Question

If the value of \[y\sqrt{{{x}^{2}}+1}=\log \left( \sqrt{{{x}^{2}}+1}-x \right)\] then find the value of \[\left( {{x}^{2}}+1 \right)\dfrac{dy}{dx}+xy+1\]
\[\begin{align}
  & \text{A}.\text{ }0 \\
 & \text{B}.\text{ 1} \\
 & \text{C}.\text{ 2} \\
 & \text{D}.\text{ None of the above}. \\
\end{align}\]

Answer 1

Hint: To solve this question, we will differentiate the term on LHS and RHS of the given equation separately. While doing so, we will use $\dfrac{d}{dx}\left( x \right)=1,\dfrac{d}{dx}\left( \sqrt{x} \right)=\dfrac{1}{2\sqrt{x}}\text{ and }\dfrac{d}{dx}\left( \log \left( x \right) \right)=\dfrac{1}{x}$. Then, we will equate both differentiation above. Also, at the end we will use the chain rule of differentiation stated as \[\dfrac{d}{dx}f\left( g\left( x \right) \right)=f'\left( g\left( x \right) \right)\cdot g'\left( x \right)\]

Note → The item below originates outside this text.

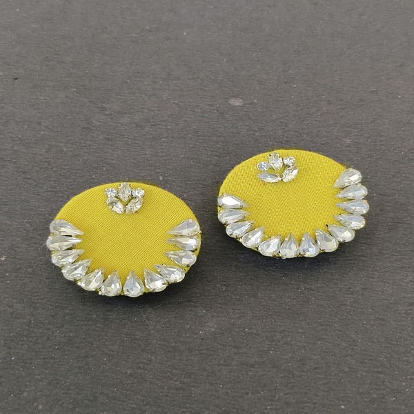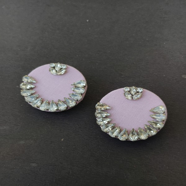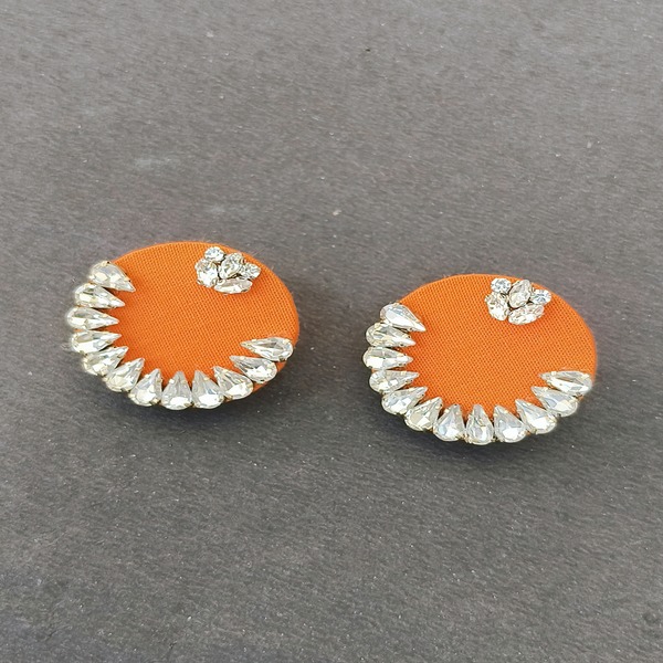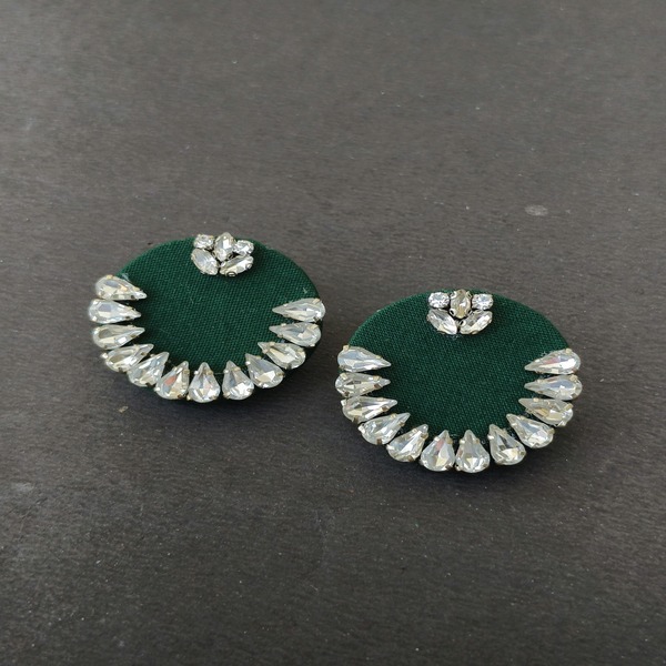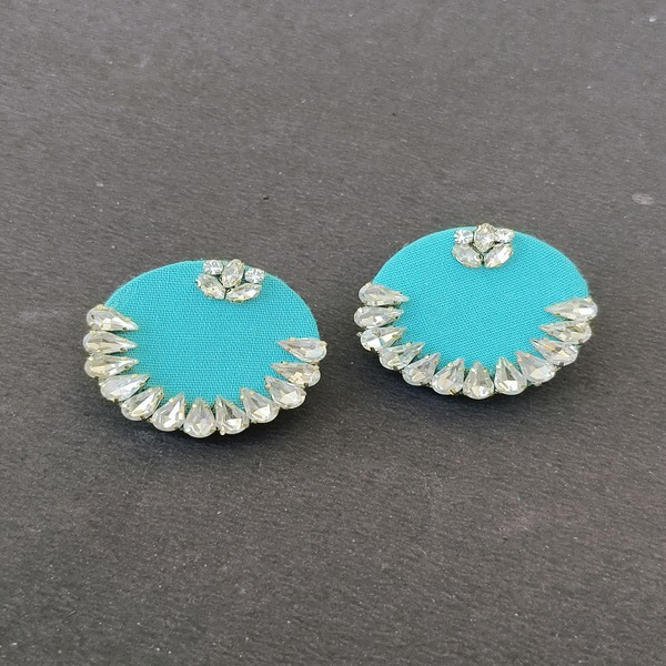 These round-shaped cotton fabric earrings are an elegant blend of rich color and intricate craftsmanship. The vibrant blue fabric forms a perfect circular shape, serving as the base for the stunning stonework embellishment. The stones are carefully arranged, creating a striking contrast against the fabric, adding sparkle and depth to the design.

Complete step-by-step answer:
We are given;
\[y\sqrt{{{x}^{2}}+1}=\log \left( \sqrt{{{x}^{2}}+1}-x \right)\]
We will separately calculate $\dfrac{dy}{dx}\text{ and }xy$
To calculate $\dfrac{dy}{dx}$ let us first calculate equation (i) with respect to x on both sides:
\[\dfrac{d}{dx}\left( y\sqrt{{{x}^{2}}+1} \right)=\dfrac{d}{dx}\left( \log \left( \sqrt{{{x}^{2}}+1}-x \right) \right)\text{ }\text{. }\text{. }\text{. }\text{. }\text{. }\text{. }\text{. }\text{. }\text{. }\text{. }\text{. }\text{. }\text{. (ii)}\]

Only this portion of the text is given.